Supplied data –
■ ■ ■

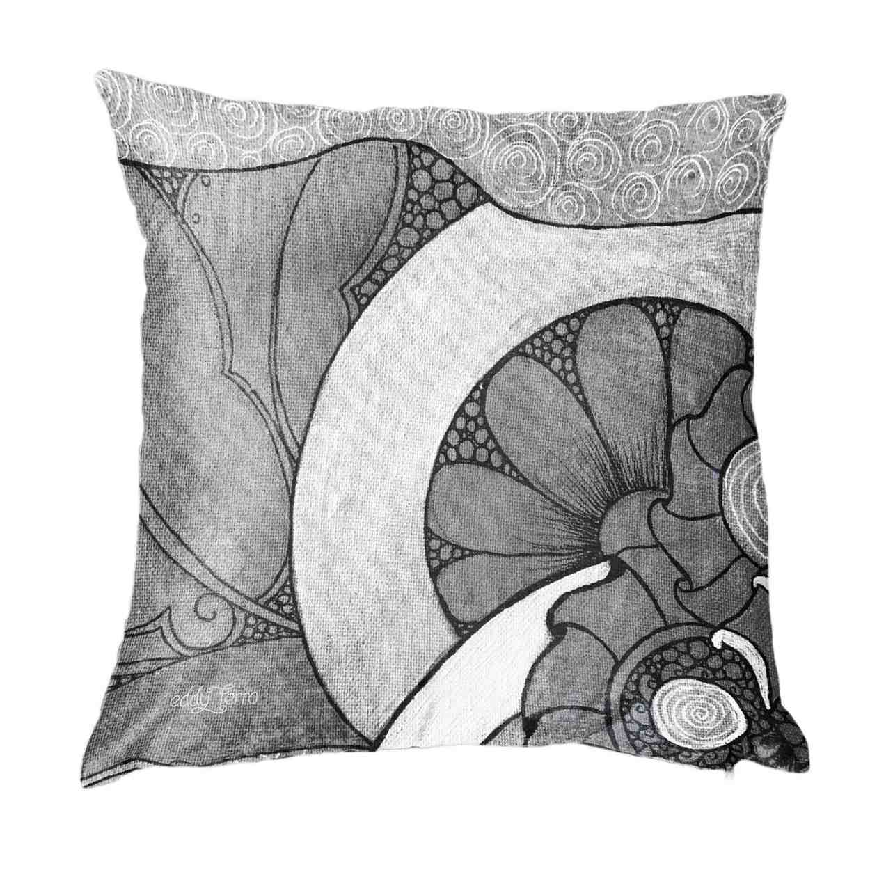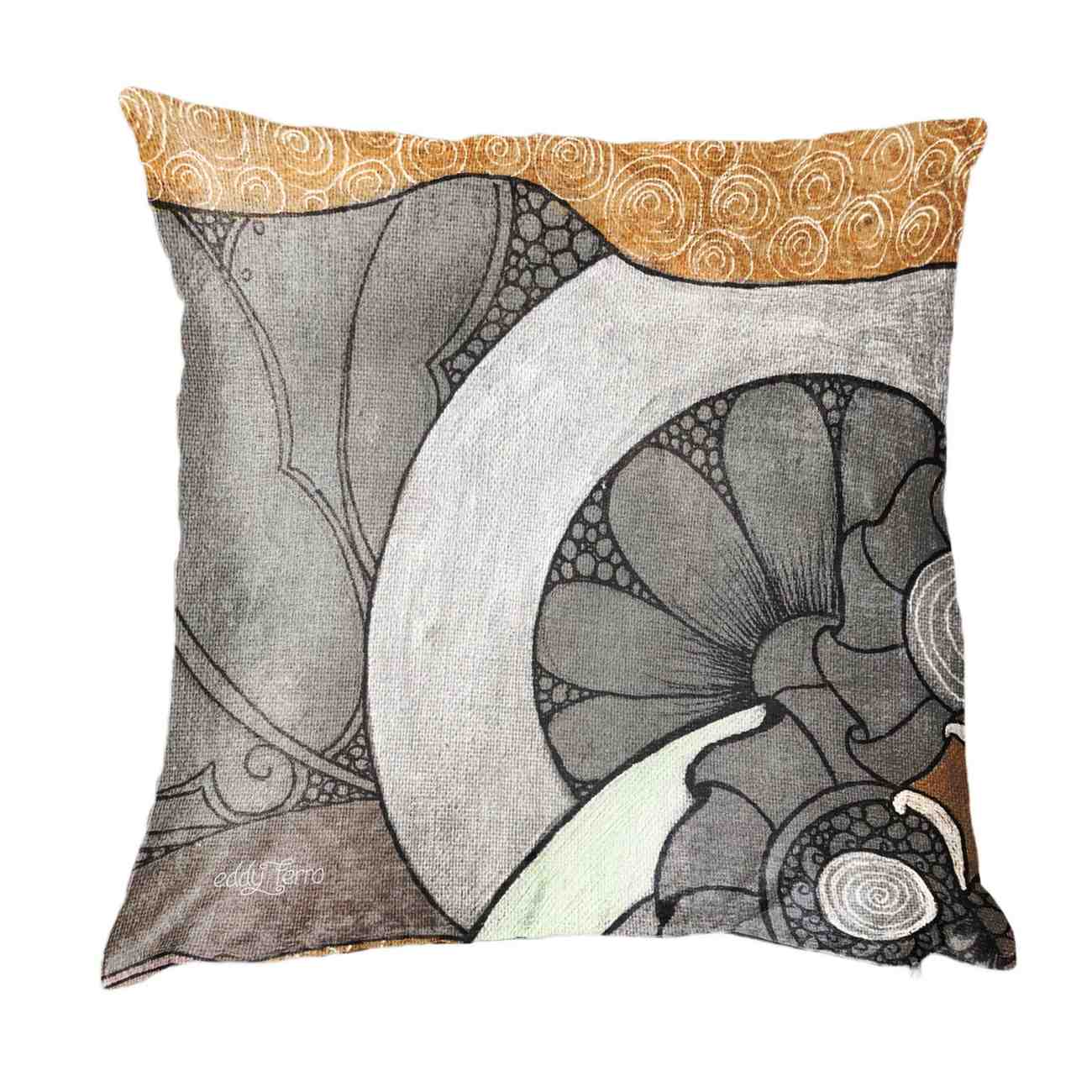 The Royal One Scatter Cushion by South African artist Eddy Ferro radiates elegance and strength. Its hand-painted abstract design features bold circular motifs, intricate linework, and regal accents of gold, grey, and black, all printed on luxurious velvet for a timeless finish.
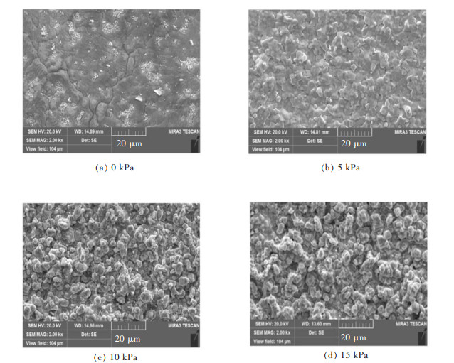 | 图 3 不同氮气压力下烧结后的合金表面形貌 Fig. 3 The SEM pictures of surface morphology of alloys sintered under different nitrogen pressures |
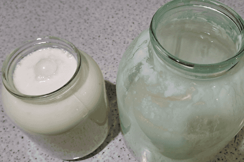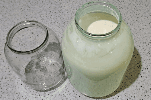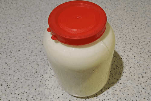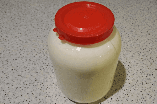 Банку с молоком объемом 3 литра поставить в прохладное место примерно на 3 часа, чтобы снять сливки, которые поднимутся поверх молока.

■ ■ ■

Exercise aim –
Could you retype exactly the lines running from the one with "nitrogen pressures |" to the end of the material above, pictures omitted?

Written answer –
 | 图 3 不同氮气压力下烧结后的合金表面形貌 Fig. 3 The SEM pictures of surface morphology of alloys sintered under different nitrogen pressures |
 Банку с молоком объемом 3 литра поставить в прохладное место примерно на 3 часа, чтобы снять сливки, которые поднимутся поверх молока.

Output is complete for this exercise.